You're trying to put me off, aren't you ?

Actually, the link that Michael gave to the 'homemade' CNC mill was equally off-putting. He was creating a G-code file, and then editing it in MS Word to replace half the commands with something suitable for his punch, which is not a drill.

Guess it's back to laser-cutting rivet holes and inserting individual rivets. . .


----------



## toddalin (Jan 4, 2008)

Pete Thornton said:


> You're trying to put me off, aren't you ?
> 
> Actually, the link that Michael gave to the 'homemade' CNC mill was equally off-putting. He was creating a G-code file, and then editing it in MS Word to replace half the commands with something suitable for his punch, which is not a drill.
> 
> Guess it's back to laser-cutting rivet holes and inserting individual rivets. . .



While some CAD programs can produce the g-code, most require at least a bit of manipulation to make it "machine specific." This is easily done, post processing, in Word, Notepad, or any other text editor.

I don't have a CAD program and use the G-simple program (freeware) I linked too, but the free version has some limitations (can't pause during the operation and limits on the number of lines of code), but this can be gotten around by running multiple programs for the same piece and I don't run sophisticated programs.

If you want to give it a try, download the G-simple program and give it a try.

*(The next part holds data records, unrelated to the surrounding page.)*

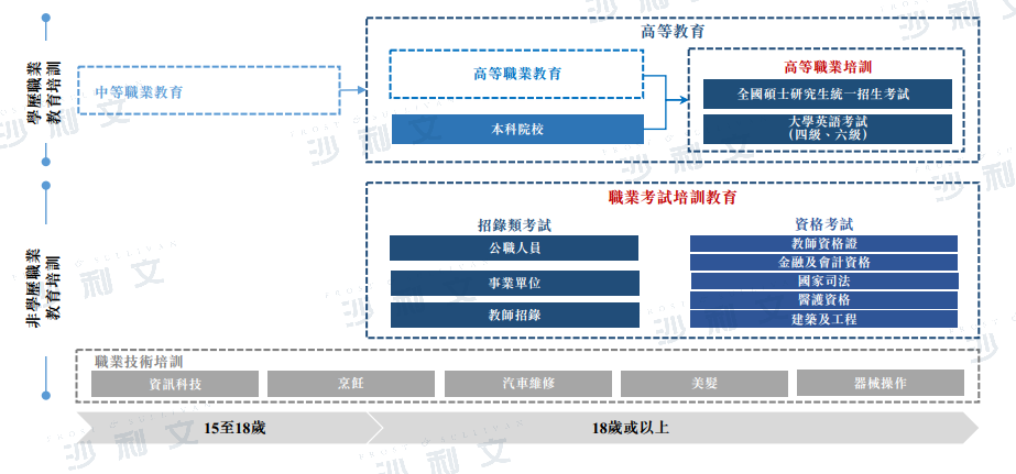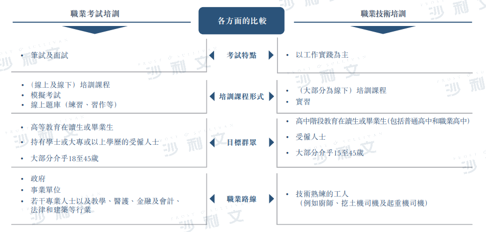 招录类及资格证考试通常以结果为本。通过相关考试后,学员方能够获取工作机会或获得资格证书,因而促使学员参加职业考试准备,提高通过相关考试的机会。部分学员(尤其是有全职工作的成人学员)倾向可灵活按其偏好的时间及地点进行的课程学习,而部分其他学员则更愿意以更有计划、更集中及更投入的方式准备相关考试,故对在线及线下职业考试培训服务仍存在持续需求。在选择合适的服务供货商时,学员通常会根据供货商能否通过适当的教学模式及课程设计满足其学习需求而做出决定。
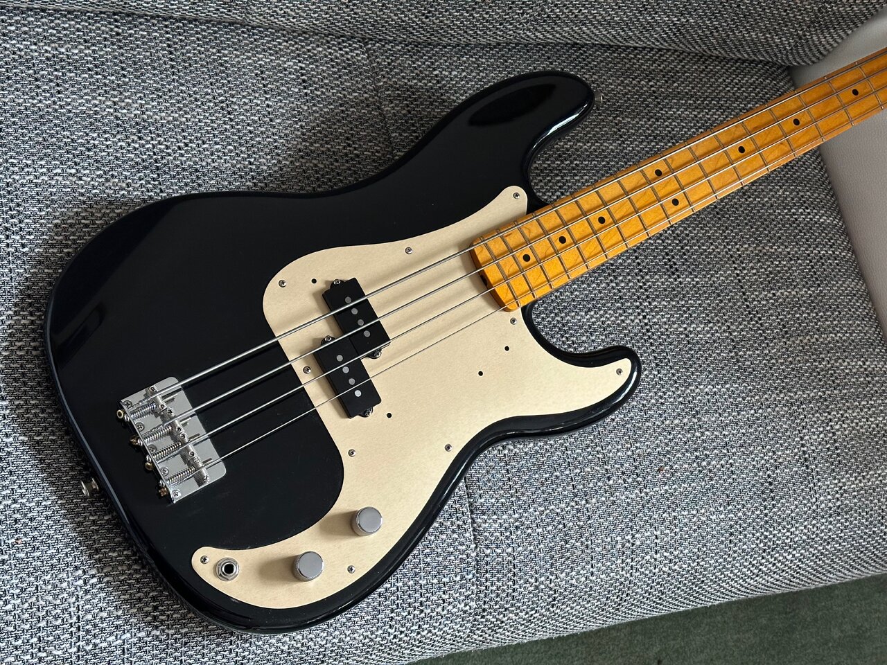 (English below) Ich biete einen Fender Classic Series 50s Precision Bass Lacquer mit wunderschönem schwarzem Hochglanz-Nitrolack.
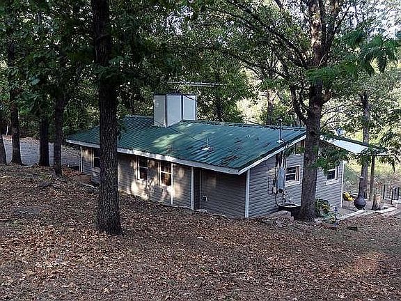 Secluded Ft. Gibson Lake Resort Property, One of 4 properties sharing 15-18 ac. HOA compound very private, W 2 slip boat house/dock on quiet cove at Pistol Point. Totally updated home with high finishes, 2/1 w 3 car in 30x50 shop. One boat lift.

The hardest part is getting the "tool post" set up properly, but once you get beyond that, it's not difficult, though it is time consuming.

You are not dealing with any curves. It is simply a matter of telling the machine "where to go" in the X-Y planes. Then tell it to "drill" a hole too a depth (e.g., 0.0025" deep) for the Z-axis, but leave the motor turned off to use the bit as a punch. Then you tell it to lift the bit.

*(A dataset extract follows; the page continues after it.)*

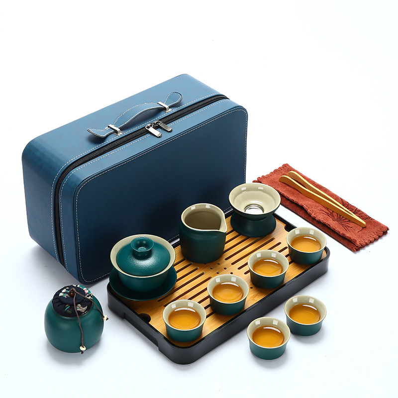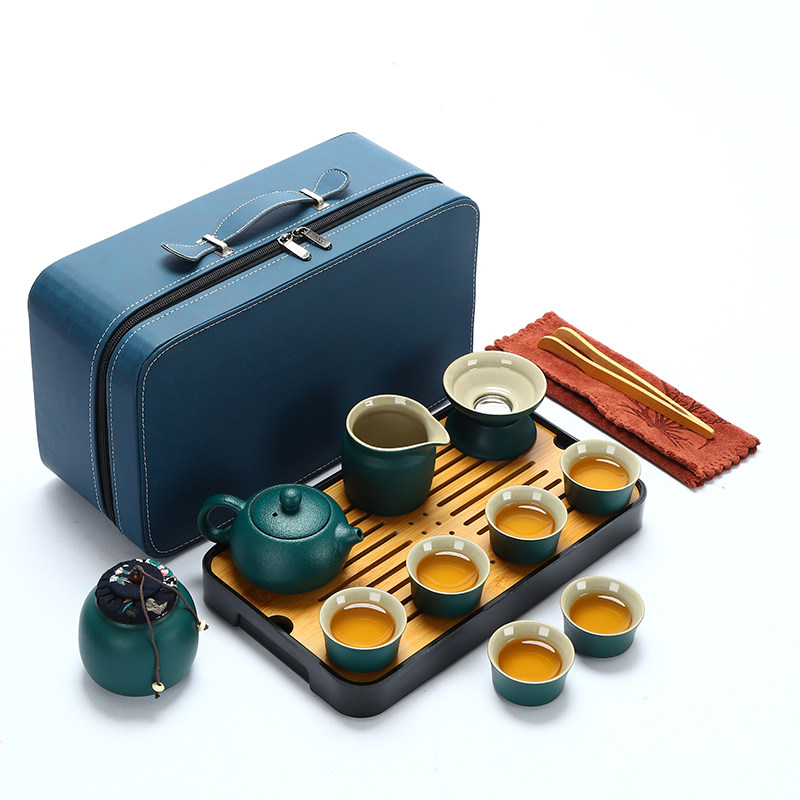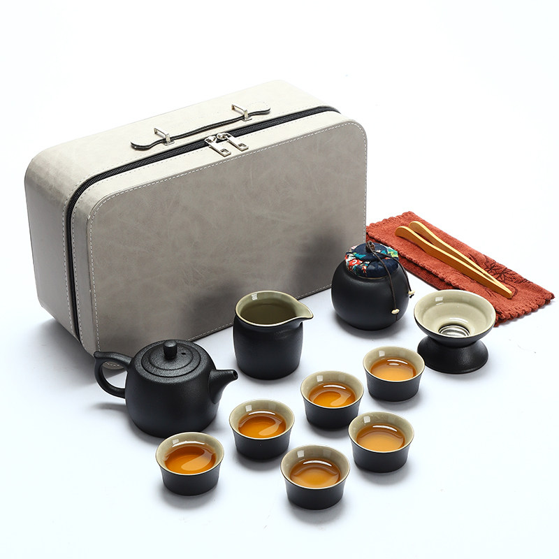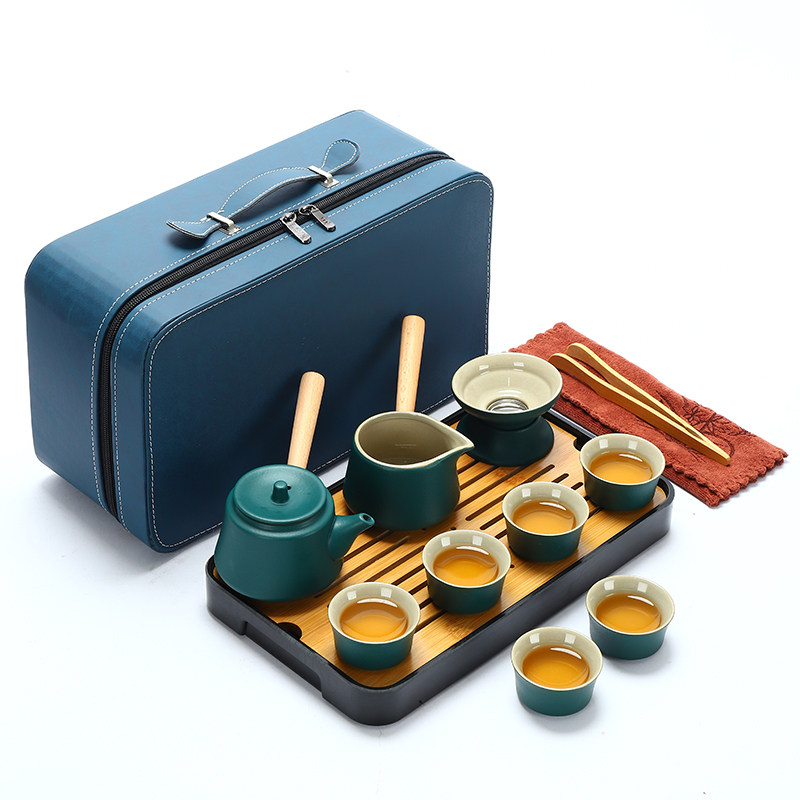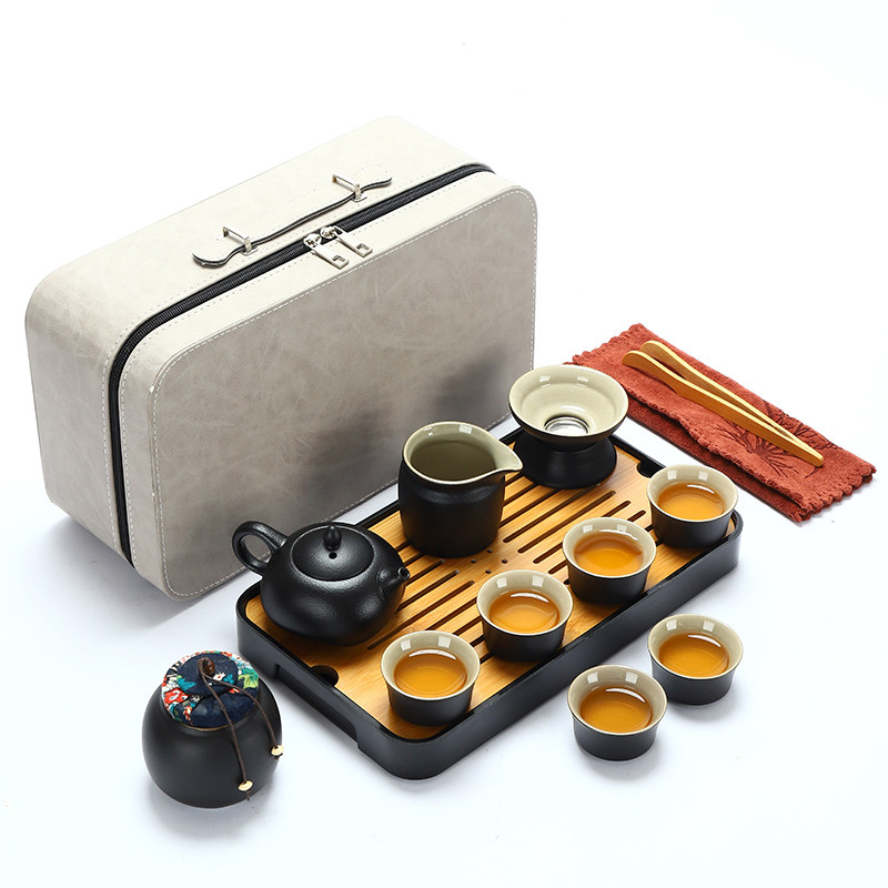 > 日式旅行功夫茶具小套装家用简约泡茶壶陶瓷茶杯户外茶盘便携式包

Then you repeat the process for the next rivet. Don't worry about feed rates and the like, I'll take care of that in post processing.

Not that difficult to understand for what you want to do. In my case:

N11 G00 X-0.3885 Y0.15 
N12 G00 Z0.059 
N13 G01 Z-0.0917 F3.937 
N14 G01 X0.4497 Y0.15 F3.937 
N15 G03 X0.9063 Y-0.004 I0.4566 J0.6 F3.937 

Commands are executed by line number. If you want to drill/punch a hole/dent, you need to first place the tool (bit), lower it, raise it, then move to the next position and repeat the process. One could save countless lines of code if there were "do loops," and there are probably ways to do this in subroutines, but I've never needed to and don't know how.

N = Line #

Gets you started:

G00 = Rapid Positioning to the coordinates:
X=-0.3885", Y=0.15"
Z = 0.059"

Moving on:

G01 = Linear Interpolation to the coordinates:
F = Feed Rate (inches per minute)
G03 = Circular Interpolation, Counterclockwise
I & J are used in making circular cuts, (X and Y set where it starts, and I and J set the radius and how many degrees of the arc), but I don't think that you would need to deal with this.

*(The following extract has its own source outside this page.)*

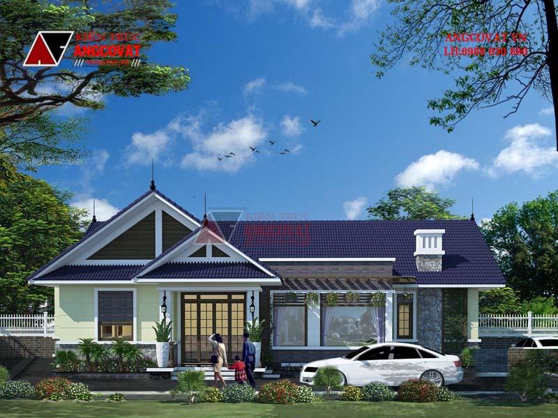 Thiết kế biệt thự trệt mái thái 4 phòng ngủ độc đáo với hệ thống mái xếp chồng màu xanh mát mẻ, hấp dẫn người nhìn. Không gian sống được trải dài và phát triển theo chiều ngang của ngôi nhà kiểu cấp 4 5 gian này

You could even take the commands I've provided above, figure out where all the rivets are to be, and do the programming in Word allowing you to "cut and paste" from position to position by simply changing the line numbers and X and/or Y position values.

Or even better..., put it in a spreadsheet and let it calculate the X-Y values and Line #'s for you, then just cut and paste the spreadsheet into Word with no table format. Rows of rivets should be relatively easy to figure out and any "odd" rivets can be added into the sheet manually. That's probably the way I would do it.

If you want to give it a try...


----------